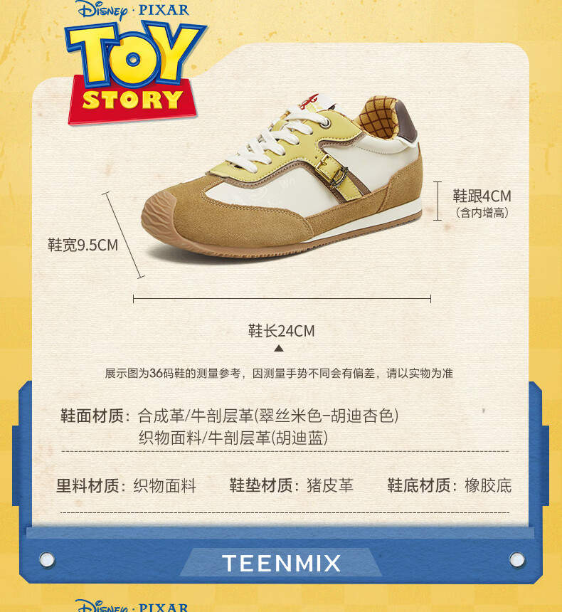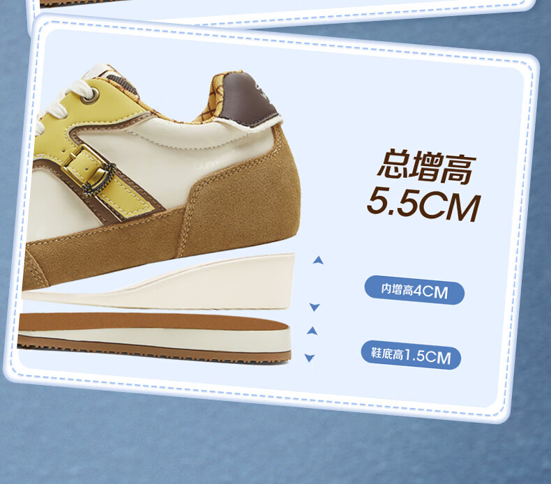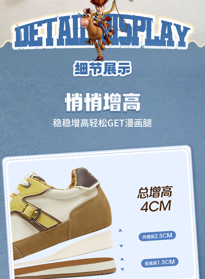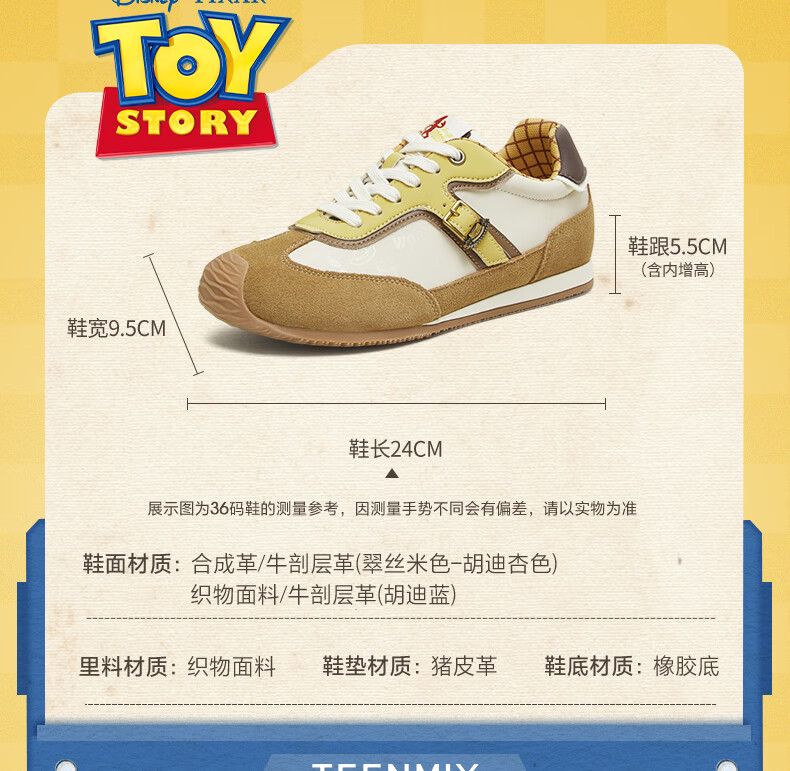 天美意玩具总动员联名胡迪内增高复古德训鞋女小白休闲运动鞋 胡迪杏【4CM跟高】 39
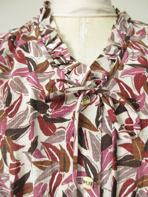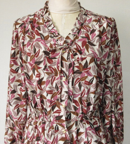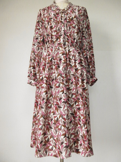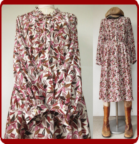 古着♪レトロ・Vintageベージュピンクボタニカル柄モッズワンピ♪70s60s70年代60年代ヴィンテージ昭和長袖秋冬大きめ15号即決ヨーロッパ
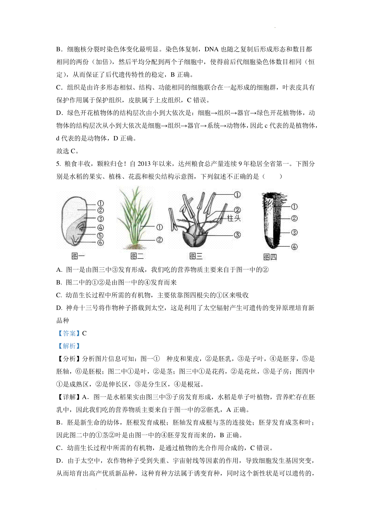 一、精品解析:2022年四川省达州市中考生物真题(解析版)
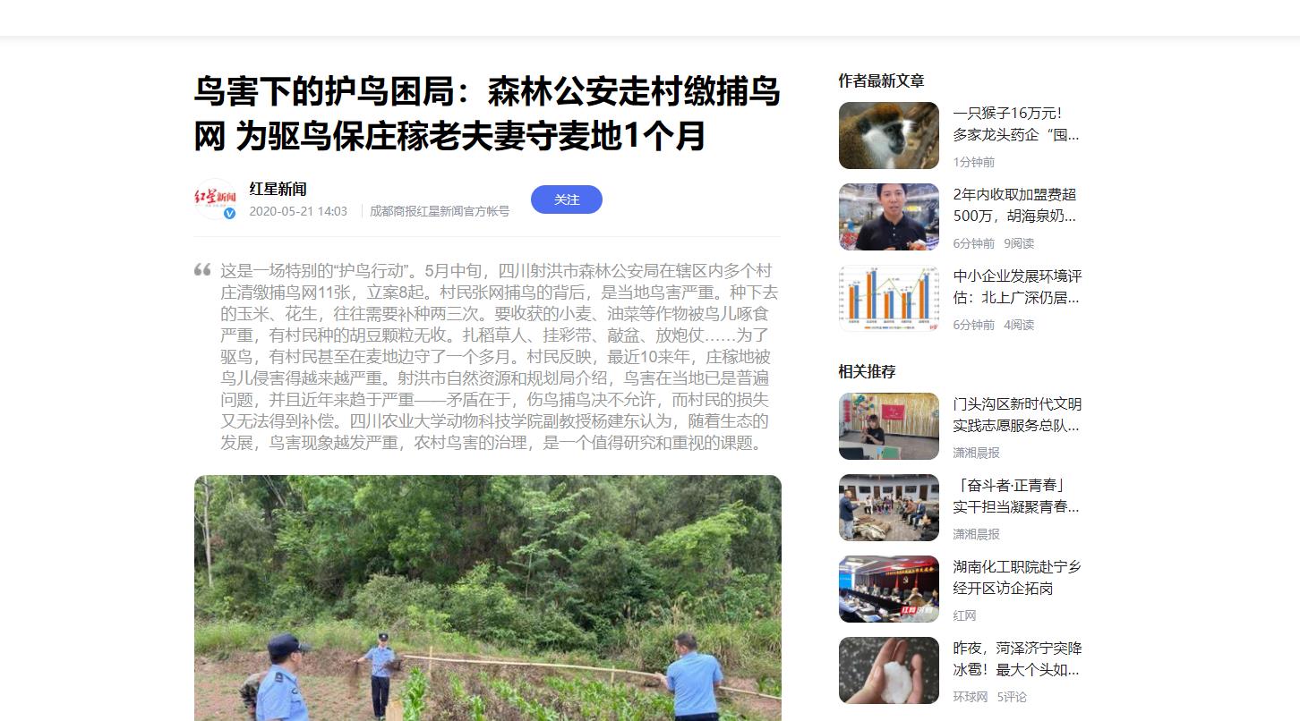 该局保护地域产业发展股(野生动植物保护股)股长罗利民也向红星新闻记者证实,随着生态环境的不断变好,鸟害现象确实比较明显,该部门时常有接到相关情况反映,并有咨询是否有生态补偿。
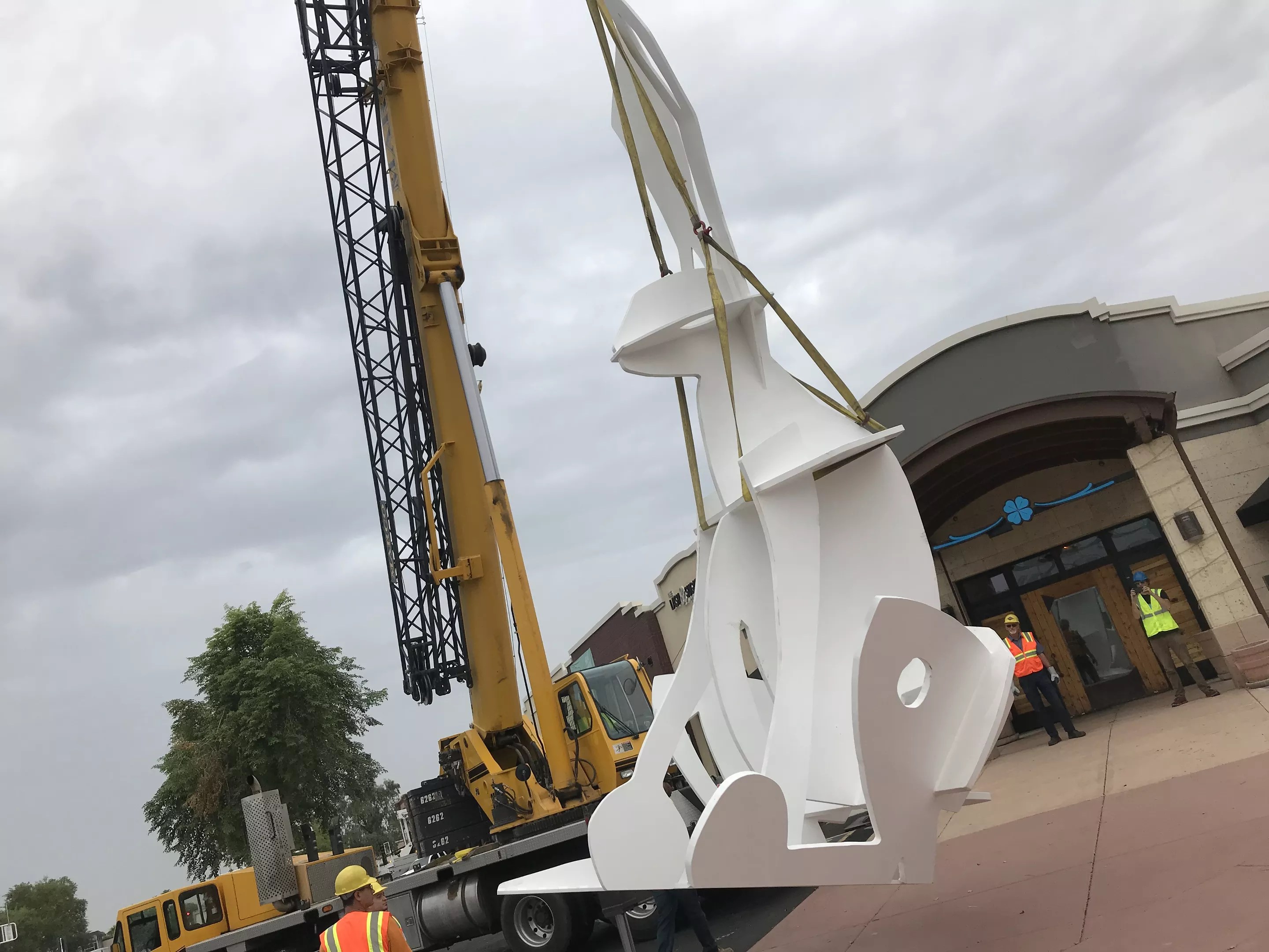 In the end, they went directly to the city council, which has the power to overrule the design board. In February, all but one city council member voted to approve the design, which meant the project could finally move forward. The concrete platform underneath the sculpture went in during August, then cured for several weeks before the rabbit was installed atop it.
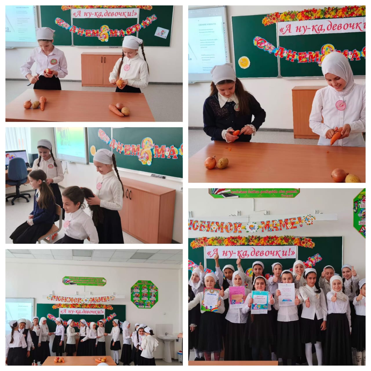 Конкурс "А ну-ка, девочки", провели среди учашихся начального звена. Девочки соревновались в роли "хозяюшек на кухне", в роли "пирикмахера" и т.д. Также, участницы приняли участие в конкурсе "Шутки-Загадки".
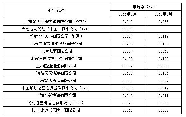 主要快遞企業(yè)申訴率2011年6月與2010年6月比較統(tǒng)計表
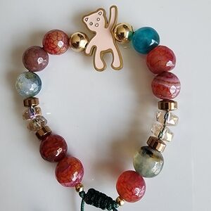 Multicolor Beaded Bracelet with Bear Charm
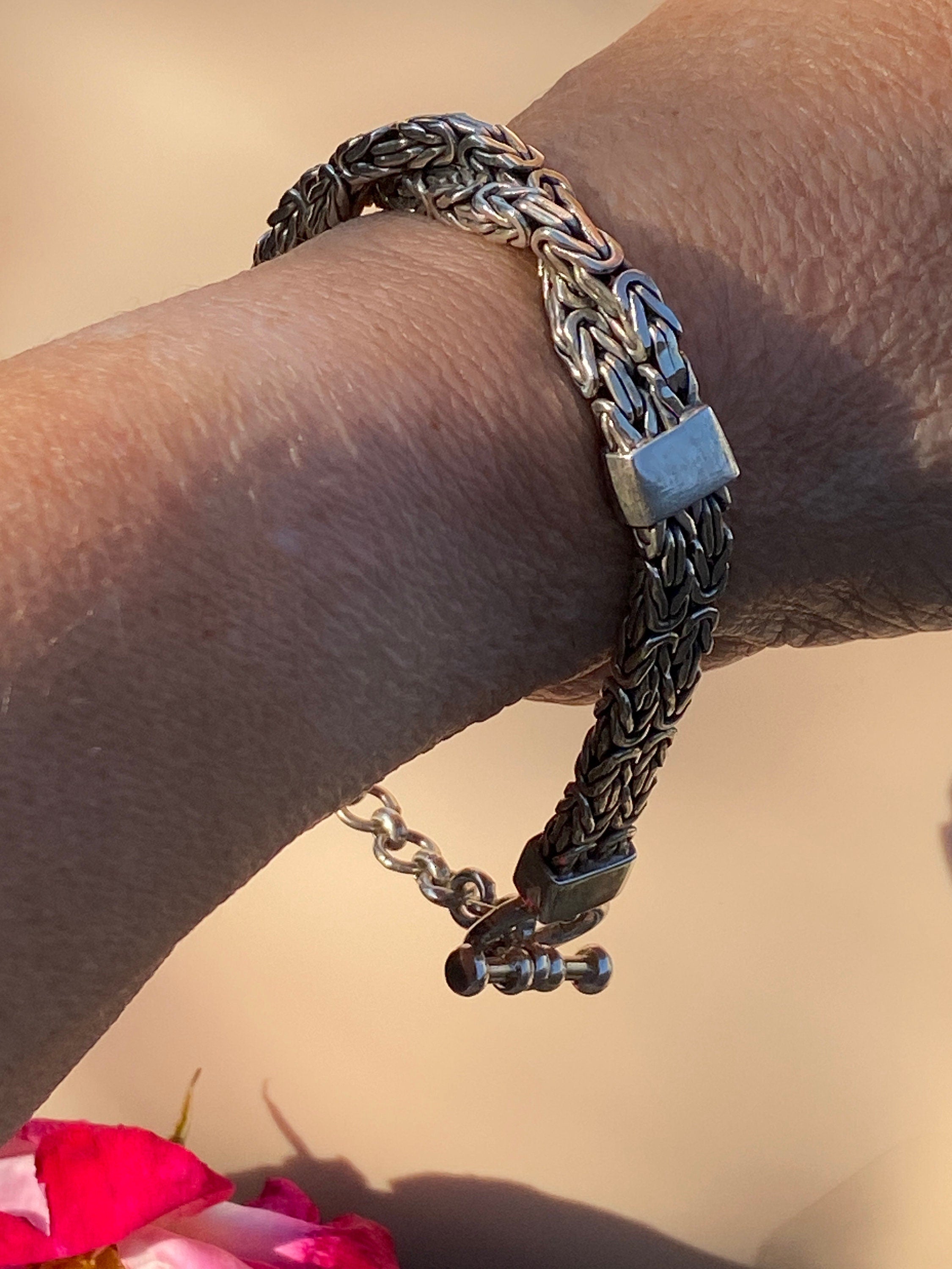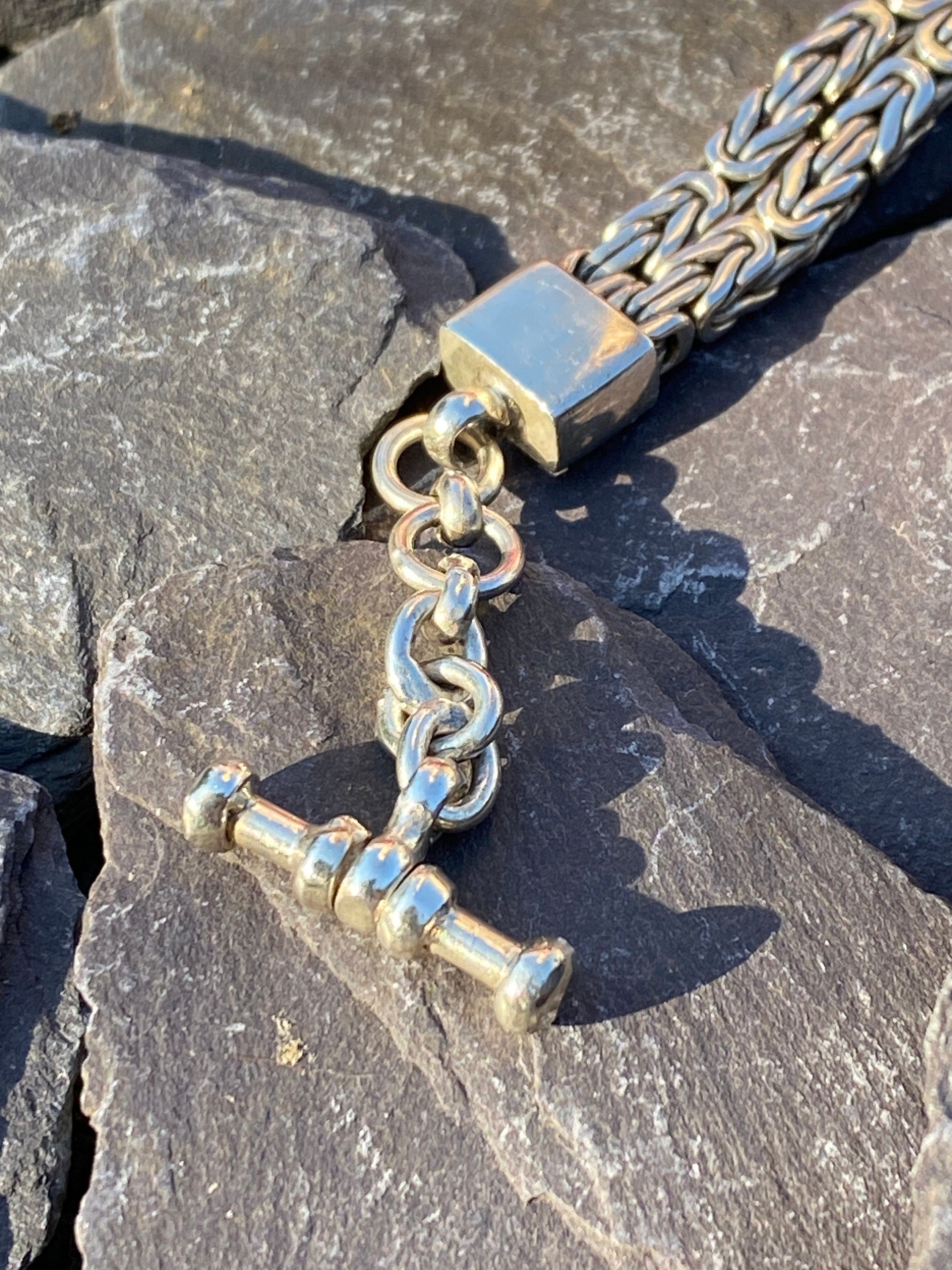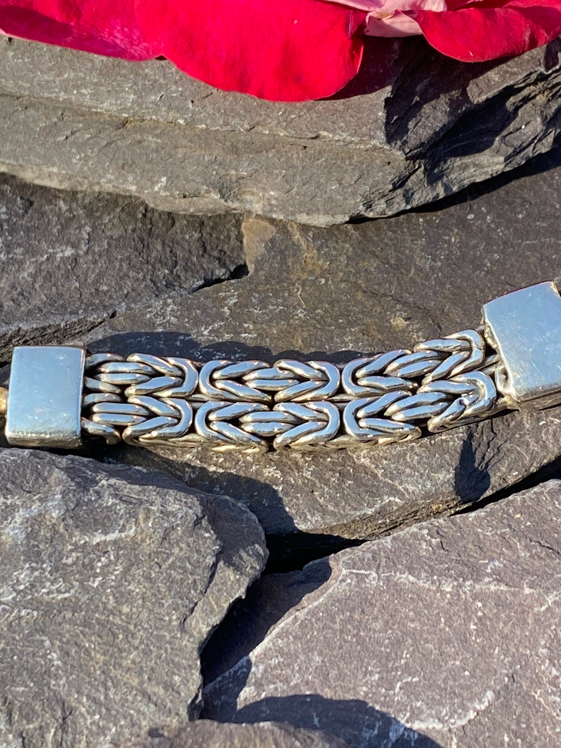 A well made sterling silver Byzantine link bracelet with a Collared twisted middle section .

========================

§ **Task requirements**:
Output nothing but the records, word for word, and none of their pictures.

§ **Result of the exercise**:
 天美意玩具总动员联名胡迪内增高复古德训鞋女小白休闲运动鞋 胡迪杏【4CM跟高】 39
 古着♪レトロ・Vintageベージュピンクボタニカル柄モッズワンピ♪70s60s70年代60年代ヴィンテージ昭和長袖秋冬大きめ15号即決ヨーロッパ
 一、精品解析:2022年四川省达州市中考生物真题(解析版)
 该局保护地域产业发展股(野生动植物保护股)股长罗利民也向红星新闻记者证实,随着生态环境的不断变好,鸟害现象确实比较明显,该部门时常有接到相关情况反映,并有咨询是否有生态补偿。
 In the end, they went directly to the city council, which has the power to overrule the design board. In February, all but one city council member voted to approve the design, which meant the project could finally move forward. The concrete platform underneath the sculpture went in during August, then cured for several weeks before the rabbit was installed atop it.
 Конкурс "А ну-ка, девочки", провели среди учашихся начального звена. Девочки соревновались в роли "хозяюшек на кухне", в роли "пирикмахера" и т.д. Также, участницы приняли участие в конкурсе "Шутки-Загадки".
 主要快遞企業(yè)申訴率2011年6月與2010年6月比較統(tǒng)計表
 Multicolor Beaded Bracelet with Bear Charm
 A well made sterling silver Byzantine link bracelet with a Collared twisted middle section .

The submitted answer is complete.